* _EXTRACTED ENTRIES_
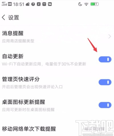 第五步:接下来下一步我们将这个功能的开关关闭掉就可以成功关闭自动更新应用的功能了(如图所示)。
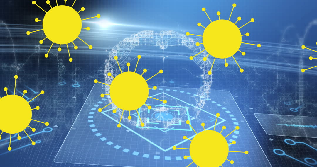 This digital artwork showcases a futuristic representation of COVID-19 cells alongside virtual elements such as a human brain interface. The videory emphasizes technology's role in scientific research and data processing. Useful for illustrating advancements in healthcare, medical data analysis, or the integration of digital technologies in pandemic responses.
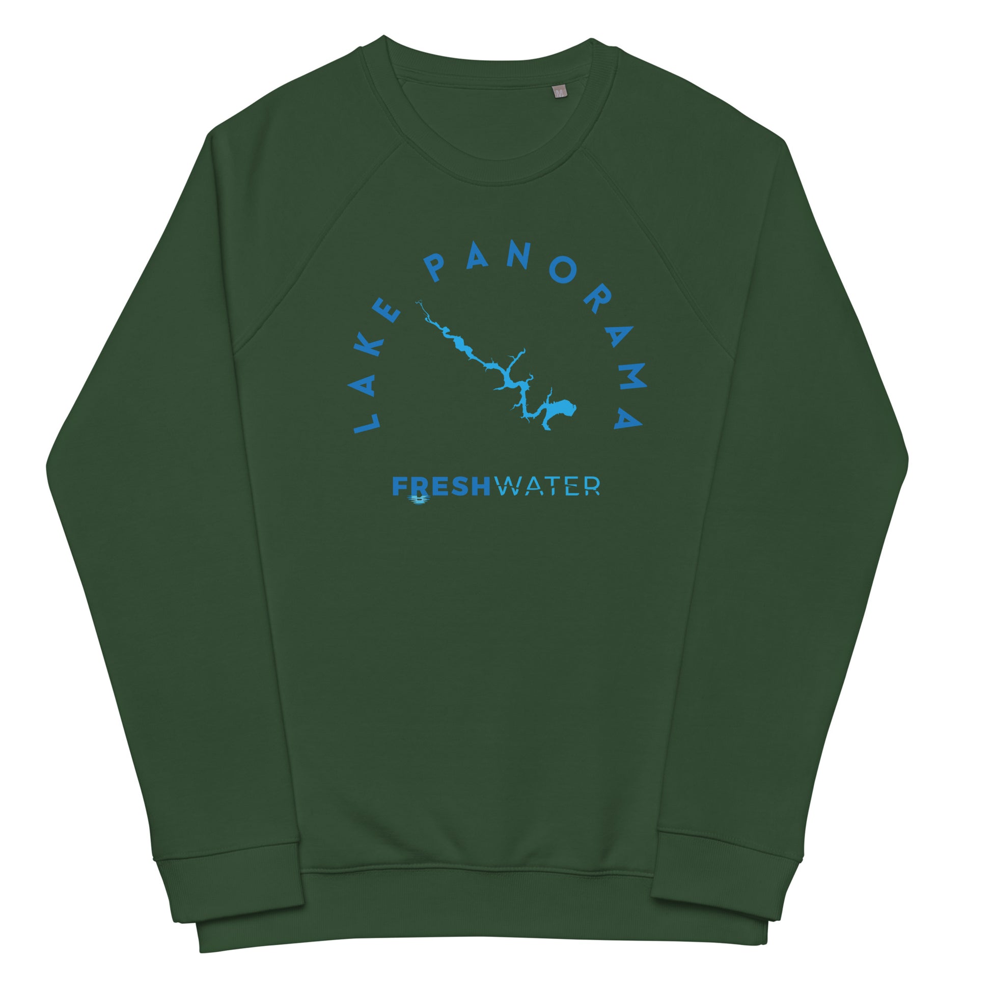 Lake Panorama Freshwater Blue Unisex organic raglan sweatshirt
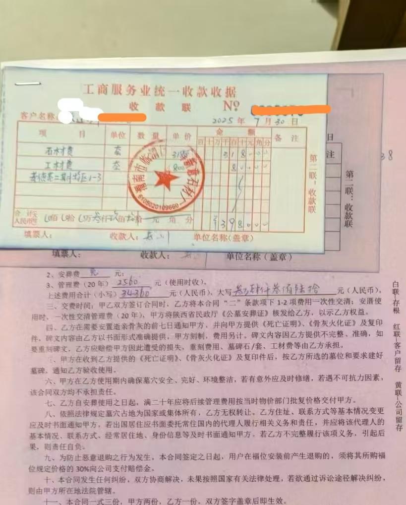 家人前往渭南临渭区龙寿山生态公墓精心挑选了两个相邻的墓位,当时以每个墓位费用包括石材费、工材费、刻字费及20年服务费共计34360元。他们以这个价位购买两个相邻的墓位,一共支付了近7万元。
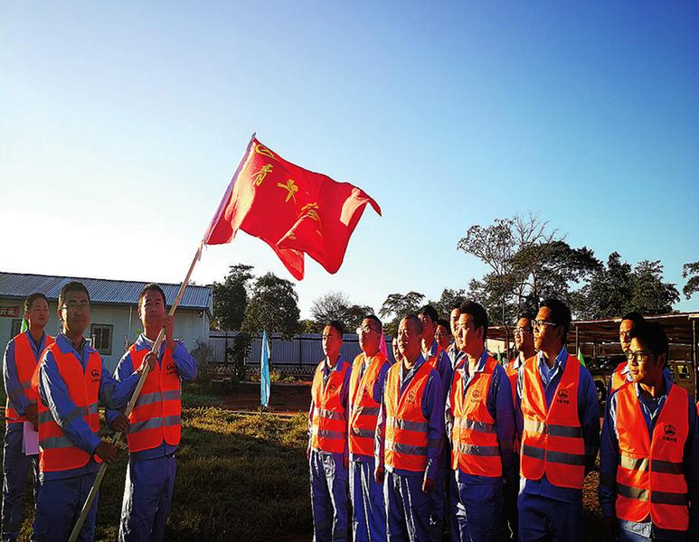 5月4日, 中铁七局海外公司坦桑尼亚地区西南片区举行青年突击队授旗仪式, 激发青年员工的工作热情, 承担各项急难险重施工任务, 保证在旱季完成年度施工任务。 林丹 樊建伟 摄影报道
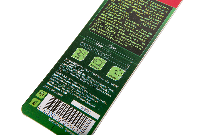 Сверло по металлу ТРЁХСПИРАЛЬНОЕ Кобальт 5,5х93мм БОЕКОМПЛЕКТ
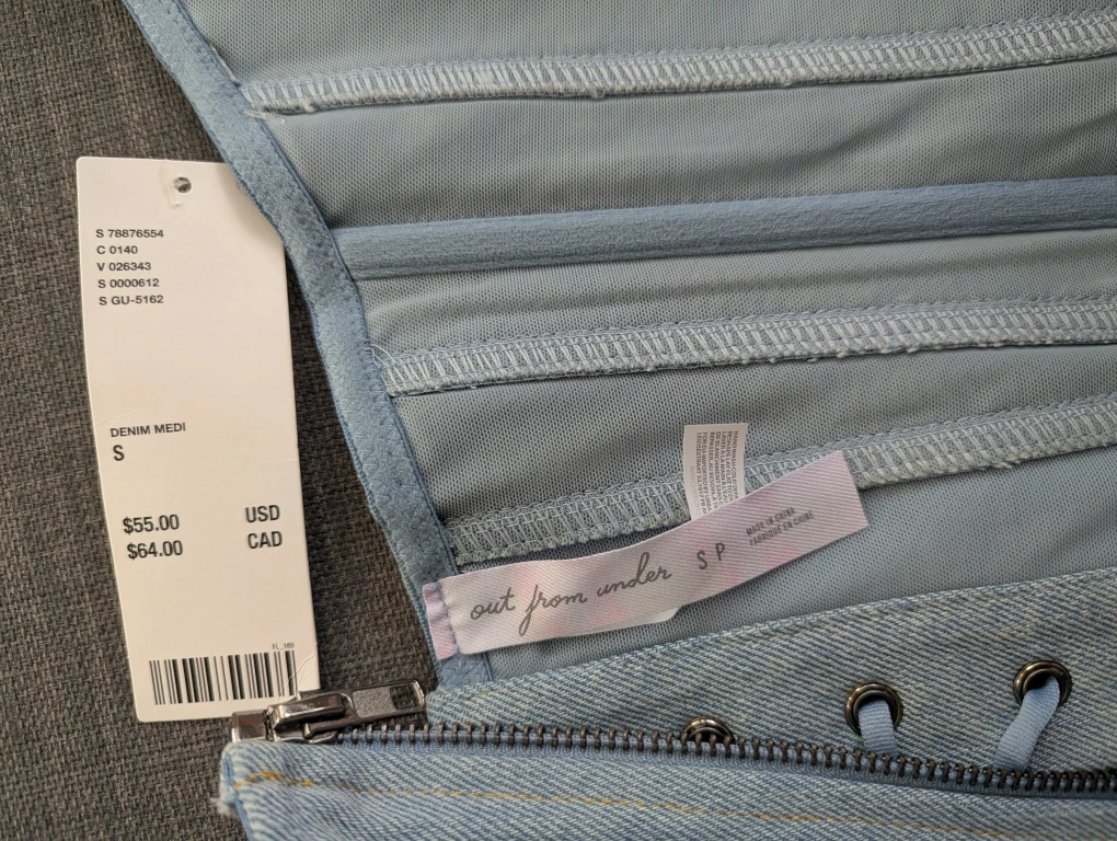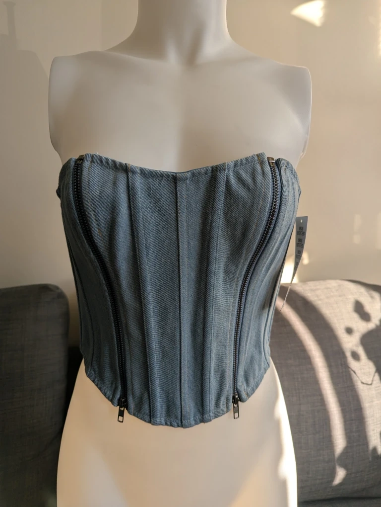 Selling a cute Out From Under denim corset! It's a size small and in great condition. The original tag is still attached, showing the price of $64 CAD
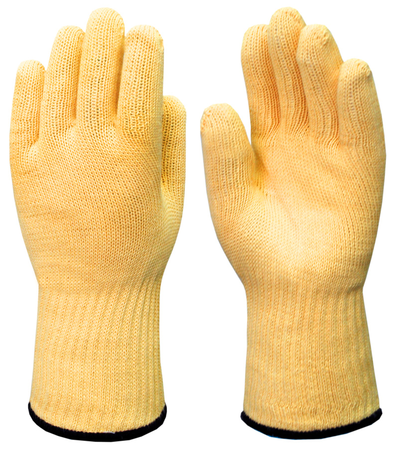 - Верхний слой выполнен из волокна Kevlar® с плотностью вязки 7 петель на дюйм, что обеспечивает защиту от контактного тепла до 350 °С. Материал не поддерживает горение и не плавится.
==
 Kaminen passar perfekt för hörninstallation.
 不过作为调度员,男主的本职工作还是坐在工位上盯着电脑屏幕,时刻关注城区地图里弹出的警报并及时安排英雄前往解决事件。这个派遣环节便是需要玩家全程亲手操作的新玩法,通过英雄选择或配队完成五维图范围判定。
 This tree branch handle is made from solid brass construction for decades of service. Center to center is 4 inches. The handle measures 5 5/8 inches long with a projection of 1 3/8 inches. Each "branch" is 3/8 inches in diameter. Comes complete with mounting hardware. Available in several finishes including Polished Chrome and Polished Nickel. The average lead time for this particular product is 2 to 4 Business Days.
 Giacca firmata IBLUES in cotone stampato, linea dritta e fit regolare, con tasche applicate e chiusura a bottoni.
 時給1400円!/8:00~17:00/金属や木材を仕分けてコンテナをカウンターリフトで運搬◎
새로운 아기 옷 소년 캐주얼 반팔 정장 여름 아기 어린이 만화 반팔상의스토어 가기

* _EXERCISE GOAL_
All lines above from the one containing "林丹 樊建伟 摄影报道" up to and including the one containing "- Верхний слой" are to be set down exactly, and nothing else. Leave images out.

* _WRITTEN SOLUTION_
 5月4日, 中铁七局海外公司坦桑尼亚地区西南片区举行青年突击队授旗仪式, 激发青年员工的工作热情, 承担各项急难险重施工任务, 保证在旱季完成年度施工任务。 林丹 樊建伟 摄影报道
 Сверло по металлу ТРЁХСПИРАЛЬНОЕ Кобальт 5,5х93мм БОЕКОМПЛЕКТ
 Selling a cute Out From Under denim corset! It's a size small and in great condition. The original tag is still attached, showing the price of $64 CAD
 - Верхний слой выполнен из волокна Kevlar® с плотностью вязки 7 петель на дюйм, что обеспечивает защиту от контактного тепла до 350 °С. Материал не поддерживает горение и не плавится.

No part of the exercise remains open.